According to the Iranian authorities 20 people in total lost their lives whilst demonstrating against the reelection of Mahmoud Ahmadinejad during the weeks following June 12.
But other sources inside the country, including three hospitals in the capital Tehran, have reported that the deaths on one day alone, June 20, amounted to 34, with the staff at the Imam Khomeini Hospital apparently being able to confirm that they dealt with 19 of those deaths. The International Campaign for Human Rights in Iran states that a further 8 deaths were reported at the Rasool Akram Hospital and another 7 at the Loghman Hospital.
And families searching for missing loved ones have said that they have witnessed in one instance "corpses piled on top of each other in a refrigeration depot". In its report on the situation the Guardian newspaper also tells of a woman, searching for her son, who was given up to 60 pictures of people who had died to look at, in an attempt to discover his fate.
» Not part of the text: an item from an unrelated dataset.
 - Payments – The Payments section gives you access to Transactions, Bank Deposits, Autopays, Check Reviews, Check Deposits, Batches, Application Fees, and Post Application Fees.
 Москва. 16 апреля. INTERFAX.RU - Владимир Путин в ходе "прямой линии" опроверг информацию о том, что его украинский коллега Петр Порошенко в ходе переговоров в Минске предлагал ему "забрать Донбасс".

Parvin Fahimi, an activist with the group Mothers for Peace, was the woman in question and believed her son was being detained by the authorities. However when shown the pictures by a revolutionary court she recognized her son, 19 year old Sohrab Aarabi, and subsequently learned that he was shot and fatally wounded on June 15 whilst attending a protest in Tehran. It had taken nearly a month for her to finally establish that she would never see her son alive again. An English translation of a moving letter Ms Fahimi has written about her search for her son can be read on The International Campaign for Human Rights in Iran website.
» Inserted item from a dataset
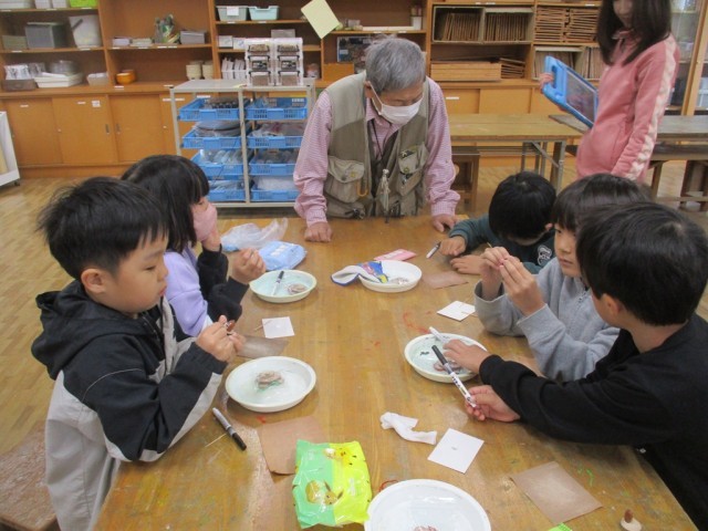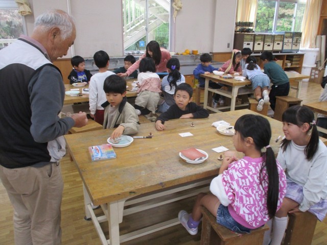 1年生が、「森の案内人」の皆さんを講師に、木工細工を作りました。

It is claimed that the authorities in Iran have used various methods to suppress the details of the actual numbers killed during the unrest in the country. Apparently they have sometimes coerced families into signing documents acknowledging that their loved ones died in an accident or by natural causes. On other occasions they have been forced to state that their deceased family member served with the Basij militia. The Basij are the volunteer militia who were active during the protests in Iran, assisting the authorities, including the Iranian Revolutionary Guards to whom they report, to disperse the crowds that had assembled.
One of the organizations active in highlighting the cover-up of which the authorities are accused is the Islamic Participation Front. The Front is a long established reformist party whose former Secretary-General is the brother of former Iranian President, Mohammad Khatami. Mr Khatami is actually a member of another political grouping within Iran but was a publicly declared supporter of Mir-Hossein Mousavi, the main reformist candidate, during the June election.
In further news of the situation in Iran, The Guardian has spoken of concerns of a tense atmosphere tomorrow during Friday prayers at Tehran University. Mir-Hossein Mousavi will be present at the prayers when he will hear Hashemi Rafsanjani, another former President of Iran who supported Mr Mousavi's candidacy for the position, address the assembled crowd. Supporters of present incumbent Mahmoud Ahmadinejad have already indicated that they will cause disruption to the prayers.
Iran may not have disappeared from the front pages of the world's newspapers entirely, the controversy regarding its nuclear program will probably ensure that does not happen, but there has been something of a lull in news of any public campaign by those who challenge the legitimacy of President Ahmadinejad.